• WORK ORDER: Write out exactly the lines below starting at the one containing "Ein niedlicher, kleiner, roter" and ending at the one containing "低温等离子:采用介质阻挡花冠". Omit every picture.

• RECORDS SUPPLIED:
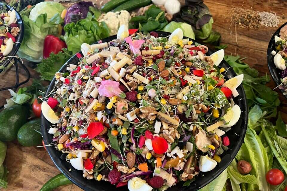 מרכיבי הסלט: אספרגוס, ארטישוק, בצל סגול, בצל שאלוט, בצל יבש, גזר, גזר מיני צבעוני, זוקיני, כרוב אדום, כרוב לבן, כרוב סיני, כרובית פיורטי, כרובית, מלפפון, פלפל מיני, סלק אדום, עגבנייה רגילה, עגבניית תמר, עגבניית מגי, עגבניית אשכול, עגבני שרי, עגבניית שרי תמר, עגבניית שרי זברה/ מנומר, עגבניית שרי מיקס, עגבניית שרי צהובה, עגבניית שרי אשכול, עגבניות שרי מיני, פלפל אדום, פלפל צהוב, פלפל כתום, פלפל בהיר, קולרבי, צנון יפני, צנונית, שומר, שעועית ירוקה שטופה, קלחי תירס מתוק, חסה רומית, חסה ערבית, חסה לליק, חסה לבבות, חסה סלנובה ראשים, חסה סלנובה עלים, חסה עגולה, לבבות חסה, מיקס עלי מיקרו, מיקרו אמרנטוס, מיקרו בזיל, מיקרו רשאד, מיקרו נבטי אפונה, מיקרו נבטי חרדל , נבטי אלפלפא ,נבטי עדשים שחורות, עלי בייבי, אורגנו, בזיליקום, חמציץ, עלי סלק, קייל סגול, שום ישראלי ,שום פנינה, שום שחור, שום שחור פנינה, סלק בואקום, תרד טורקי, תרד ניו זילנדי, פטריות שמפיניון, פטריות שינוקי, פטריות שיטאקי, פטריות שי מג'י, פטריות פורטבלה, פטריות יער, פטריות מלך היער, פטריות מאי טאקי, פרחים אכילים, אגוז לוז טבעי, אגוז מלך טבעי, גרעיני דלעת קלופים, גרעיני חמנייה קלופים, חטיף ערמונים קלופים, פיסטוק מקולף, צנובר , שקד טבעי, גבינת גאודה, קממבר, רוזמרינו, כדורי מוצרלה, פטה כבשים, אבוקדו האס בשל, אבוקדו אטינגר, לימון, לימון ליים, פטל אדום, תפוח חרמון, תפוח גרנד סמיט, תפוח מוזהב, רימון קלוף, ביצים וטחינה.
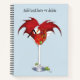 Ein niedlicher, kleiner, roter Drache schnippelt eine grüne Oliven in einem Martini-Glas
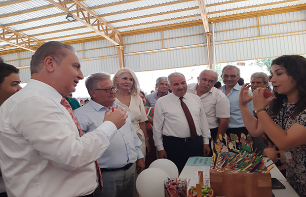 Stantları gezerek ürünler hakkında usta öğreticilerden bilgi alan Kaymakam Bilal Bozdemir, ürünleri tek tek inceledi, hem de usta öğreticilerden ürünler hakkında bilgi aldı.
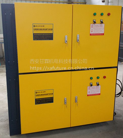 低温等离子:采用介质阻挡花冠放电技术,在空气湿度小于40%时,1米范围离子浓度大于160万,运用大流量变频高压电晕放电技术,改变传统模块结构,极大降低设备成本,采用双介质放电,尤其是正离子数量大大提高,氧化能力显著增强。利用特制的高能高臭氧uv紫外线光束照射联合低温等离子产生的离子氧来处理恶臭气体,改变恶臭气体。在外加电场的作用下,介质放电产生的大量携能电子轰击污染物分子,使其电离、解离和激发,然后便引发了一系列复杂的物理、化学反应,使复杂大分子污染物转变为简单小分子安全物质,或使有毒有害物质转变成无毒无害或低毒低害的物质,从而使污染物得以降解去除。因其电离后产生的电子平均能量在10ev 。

--

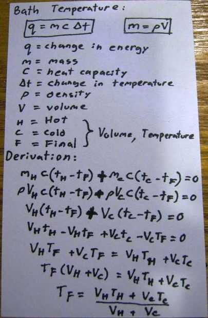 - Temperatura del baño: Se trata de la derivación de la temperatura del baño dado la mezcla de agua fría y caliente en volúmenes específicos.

• REPLY:
 Ein niedlicher, kleiner, roter Drache schnippelt eine grüne Oliven in einem Martini-Glas
 Stantları gezerek ürünler hakkında usta öğreticilerden bilgi alan Kaymakam Bilal Bozdemir, ürünleri tek tek inceledi, hem de usta öğreticilerden ürünler hakkında bilgi aldı.
 低温等离子:采用介质阻挡花冠放电技术,在空气湿度小于40%时,1米范围离子浓度大于160万,运用大流量变频高压电晕放电技术,改变传统模块结构,极大降低设备成本,采用双介质放电,尤其是正离子数量大大提高,氧化能力显著增强。利用特制的高能高臭氧uv紫外线光束照射联合低温等离子产生的离子氧来处理恶臭气体,改变恶臭气体。在外加电场的作用下,介质放电产生的大量携能电子轰击污染物分子,使其电离、解离和激发,然后便引发了一系列复杂的物理、化学反应,使复杂大分子污染物转变为简单小分子安全物质,或使有毒有害物质转变成无毒无害或低毒低害的物质,从而使污染物得以降解去除。因其电离后产生的电子平均能量在10ev 。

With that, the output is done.